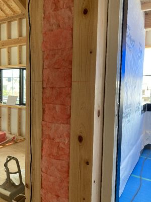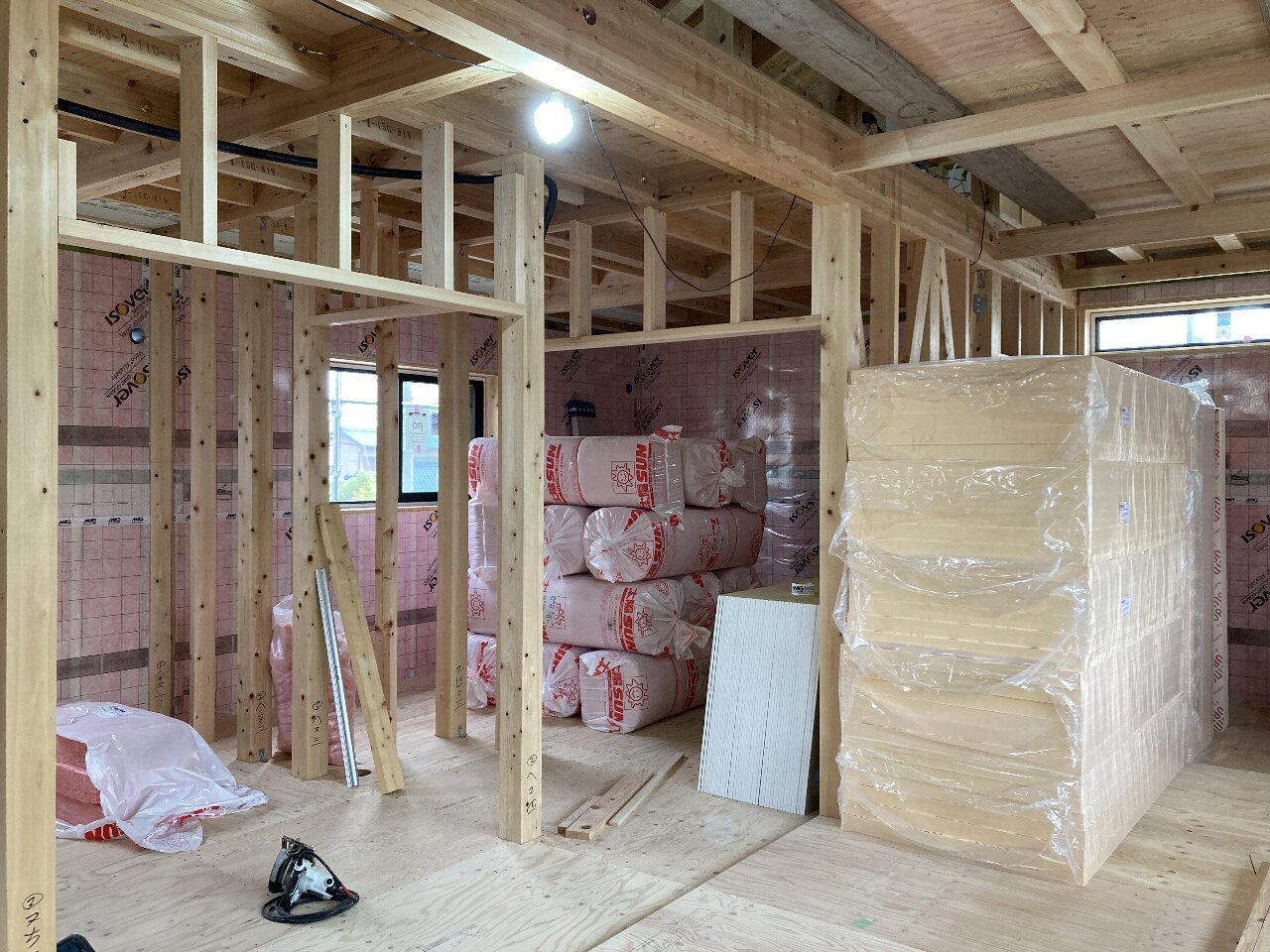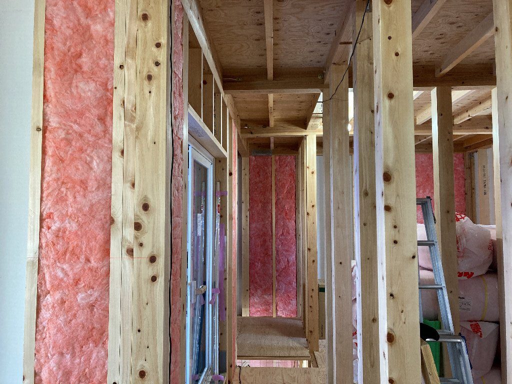2階の断熱材を入れている最中ですが、おや?まだらな入れ方。s井棟梁気分次第で入れてるのかしら?と思っていたら、伸びがついたところ(木造住宅の尺間寸法から+αした柱の間が大きい部分)から入れているそうです。なぜかと言うと、断熱材の幅が決まっていて、この部分は既製品の寸法がぴったり合わない部分で、断熱材をカットしないといけない為、ちょっと手間がかかるのです。「面倒で嫌なところを先に片付けたい!」と、こちらから進めているのだそう👍合点がいきました。
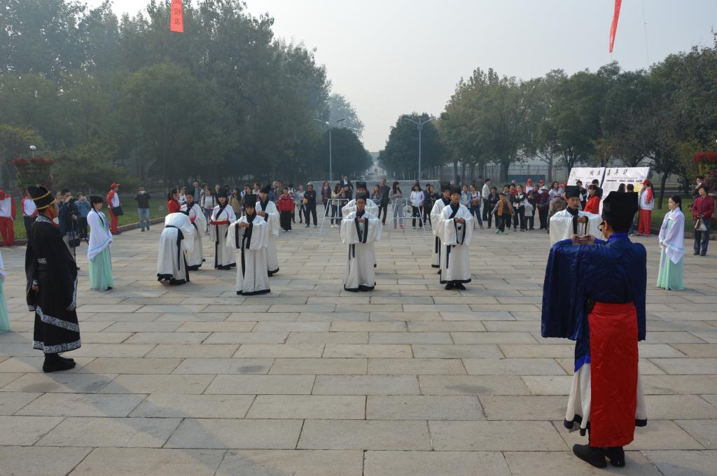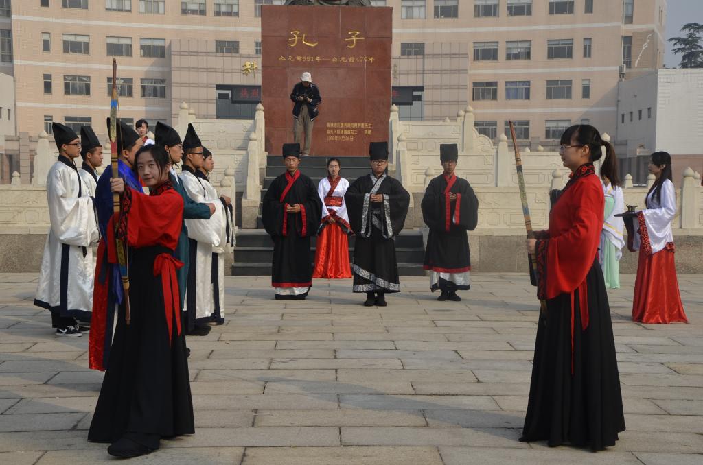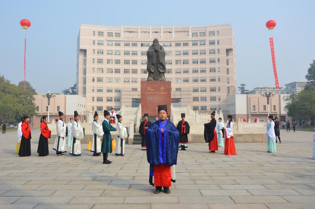 为庆祝曲园六十华诞,10月17日,由工口动漫 传统礼仪展演团队带来的“校庆嘉年华”传统礼仪展演在孔子文化广场进行。
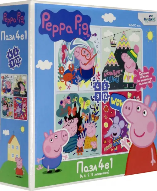 Набор пазлов "Путешествия ждут" - это комплект пазлов с разной элементностью, включающий в себя головоломки для самых маленьких от 4 до 12 элементов, объединенных общей тематикой. Это необычная коллекция картинок с изображением героев мультфильма Свинка Пеппа, которая понравится любому ребенку. Постепенно усложняя сборку пазла от 4 элементов до 12 элементов, ребенок научится внимательности, концентрации, а также сможет развить мелкую моторику.
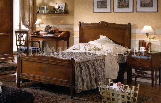 Односпальная кровать с высоким жестким изголовьем, без изножья. Возможны различные варианты отделки.
____________
**Task description**
Write out every line above exactly as it is, leaving out the pictures.

**Solved problem**
2階の断熱材を入れている最中ですが、おや?まだらな入れ方。s井棟梁気分次第で入れてるのかしら?と思っていたら、伸びがついたところ(木造住宅の尺間寸法から+αした柱の間が大きい部分)から入れているそうです。なぜかと言うと、断熱材の幅が決まっていて、この部分は既製品の寸法がぴったり合わない部分で、断熱材をカットしないといけない為、ちょっと手間がかかるのです。「面倒で嫌なところを先に片付けたい!」と、こちらから進めているのだそう👍合点がいきました。
 为庆祝曲园六十华诞,10月17日,由工口动漫 传统礼仪展演团队带来的“校庆嘉年华”传统礼仪展演在孔子文化广场进行。
 Набор пазлов "Путешествия ждут" - это комплект пазлов с разной элементностью, включающий в себя головоломки для самых маленьких от 4 до 12 элементов, объединенных общей тематикой. Это необычная коллекция картинок с изображением героев мультфильма Свинка Пеппа, которая понравится любому ребенку. Постепенно усложняя сборку пазла от 4 элементов до 12 элементов, ребенок научится внимательности, концентрации, а также сможет развить мелкую моторику.
 Односпальная кровать с высоким жестким изголовьем, без изножья. Возможны различные варианты отделки.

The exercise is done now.